This is another one of those cases where ISA Server Service mysterious crashes once a day, at the same time and nothing changed in the environment. This just make me really fell that the lack of communication between the teams that deals with technology is getting far beyond of what should exactly be. Many companies are investing money in putting Security in place by adding layers and layers of technology but they are still missing two important elements: process awareness and change control procedures. The absence of those elements can directly impact availability of the environment. Why availability? Well, I will tell you later when I finish this post.
2. Analyzing the Data
In this case ISA Server Service was crashing with the following errors:
Event Type: Error
Event Source: Microsoft ISA Server Web Proxy
Event Category: None
Event ID: 14197
Time: 2:58:03 AM
ISA Server was unable to write content to the cache file.
Event Source: Microsoft Firewall
Event ID: 14057
Time: 2:52:37 AM
The Firewall service stopped because an application filter module C:\Program Files\Microsoft ISA Server\w3filter.dll generated an exception code C0000005 in address 64754CD5 when function CompleteAsyncConnect was called. To resolve this error, remove recently installed application filters and restart the service.
The event 14057 is clear about one thing: this was an access violation exception (C0000005) on the filter module W3Filter.dll. Too broad, can be many things including issues with the filter itself, so we need to get a crash dump of this guy to better understand what is going on. Following the approach of one of my posts we can use DebugDiag to attach to wspsrv.exe and get the dump. After getting the dump you can use this other post as an example of how to analyze it. Unfortunately this is one of the cases where the public symbols don’t help that much as you can see below:
WARNING: Frame IP not in any known module. Following frames may be wrong.

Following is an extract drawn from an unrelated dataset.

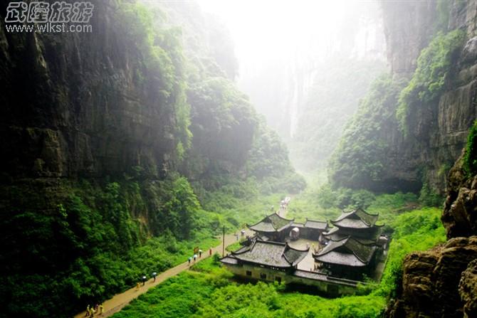 天生三橋位于重慶市武隆縣,是世界上最大的天生橋。大自然的鬼斧神工造就了這3座天生的石拱橋,使其具有雄、奇、險、秀、幽、絕等眾多特點,雖歷經千萬年的風風雨雨,至今卻依然如故。天生三橋風景區內,林木清秀,植被豐厚,蒼翠欲滴,飛泉流瀑遍布其間,包容了山、水、泉、峽、峰、瀑等眾多景色。灌木叢生,覆蓋三橋,更顯得三橋歷經千年之滄桑。清晨時分,霧氣彌漫,高大的三橋猶如連通天界神宮之間的御橋,更顯縹緲、震撼,令人不禁暗自相問:神乎?奇乎?

2b37fe10 6476e6df 27441f80 647717fe 275a5558 0x3a6169
2b37fe24 64778438 00000001 2bf579a0 64703de0 W3Filter!DllUnregisterServer+0x45ede
2b37fe90 0046d701 275a5558 00000000 00000040 W3Filter!DllUnregisterServer+0x4fc37
2b37fefc 0046e461 00000000 00000000 00000000 wspsrv+0x6d701
2b37ff20 0046e568 2bf57818 0046e3d7 2b37ff50 wspsrv+0x6e461
2b37ff30 0046d4ba 00000000 00000000 00000000 wspsrv+0x6e568
2b37ff50 00455fd7 2bf578bc 00000000 00000000 wspsrv+0x6d4ba
2b37ff7c 00456c8e 2bf578bc 00000000 00000000 wspsrv+0x55fd7
2b37ffb8 77e64829 00000015 00000000 00000000 wspsrv+0x56c8e
2b37ffec 00000000 00456b26 00000015 00000000 kernel32!GetModuleHandleA+0xdf
6476e6df 8b4624 mov eax,dword ptr [esi+24h]
STACK_COMMAND: ~50s; .ecxr ; kb
The !analyze result showed above will make you under the impression that W3Filter.dll is the culprit and it is exactly the opposite, this guy is only a victim.
After deeply analyze the dump using the private symbols we got to a conclusion that someone was locking the cache file when the Web Filtering was trying to write to it. Guess who was locking it? Once upon a time there was a system administrator that was following a plan that he received from his management to install backup software in all Windows Servers, so he installed this backup software on ISA and configured a Job to run every night…
The backup software was backing up the whole server (all hard drivers) including the driver where the ISA Cache was located. For this reason customer was saying that the issue just happened when the ISA Server Cache was enabled, if they disabled the cache the issue didn’t happen. Well make sense and the recommendation to exclude cache from backup as not new, as a matter of fact the article that recommends this is out there since October 2004, which is the following one:
Event ID 5, event ID 14079, and event ID 14176 are logged in the Application log on your Internet Security and Acceleration Server computer
Now the answer for: Why Availability? Because the ISA Server service in this case was crashing due and addition of a new product in the ISA Box without testing it in a lab environment (where the change control procedure is?). The Windows OS maintenance was responsibility of the System Administrator that with all the good intentions configured the Backup Software to back it up the whole hard drive. However the Firewall Admin wasn’t aware of this addition since it was out of the scope of his duty (where the process awareness is?) and he swear since the begging that nothing change in the environment and ISA was crashing from nothing L. But, this story had a happy end at least, so let’s finish this post with a smiling face J.